I thought I'd start a thread for those of us suffering at MDA who are primal (or want to be primal) but are suffering from some kind of disordered eating. This might be old patterns of an ED, something which has started recently, or for those of us in relapse (like me).

Let's classify disordered eating as having a diagnosed eating disorder, or undiagnosed problems with food. They might be undereating, compulsive overeating, binge eating, anorexia, bulimia, compulisve excersising after food, orthorexia, obsessive calorie counting or any other behaviours with food that leave us feeling overwhelmed, bewildered and desperate.

This thread could be a place to share our progress and experience or to get support on a tough day.

A little about me, I've been eating 95% primal for over a year. I'm a recovering anorexic and came to MDA to see if food could help me with my food issues. I also secretly hoped that I could eat loads of bacon and still lose weight...which didn't happen. After a few months I felt well enough to gain some weight, but a few weeks ago swtiched into binge eating and continued to gain. I am now in relapse again, restricting by IFing daily and avoiding foods I normally eat and enjoy. I've lost weight again, but I know it's not the answer. I have realised that a primal/paleo diet is not going to cure me of psychological and mental health issues. On that note, I see a therapist and psychiatrist regularly and my weight and mental state are monitored. I take medication, I go to OA, I read these forums.

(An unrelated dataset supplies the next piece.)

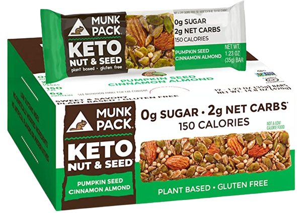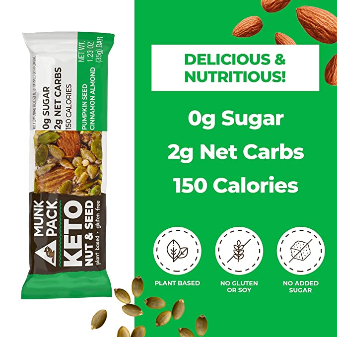 A nutritious blend of pumpkin seeds and almonds are coated with cinnamon to make the perfect crunchy and delicious, but not-too-sweet treat. Powered with keto-friendly fats, 0g sugar, 2g net carbs, and only 150 calories, our Pumpkin Seed Cinnamon Almond Keto Nut & Seed bar tastes just as great as it makes you feel.

I have made progress in the last 12 months. I don't count calories anymore, I eat a normal lunch and dinner of highly nutritious food, but I could probably do with eating a bit more of it. Binging scares me and I wish I could stop it. Restricting is scary too as I don't know where it's going to take me.

Recently I've been trying to eat a bit more, an extra egg, some bacon, some potato to help keep binges at bay. It's working, but early days. I've been slogging this out now for some time.

I'm a healthy weight, but probably at the low end of it.

Any others who want to share their journey?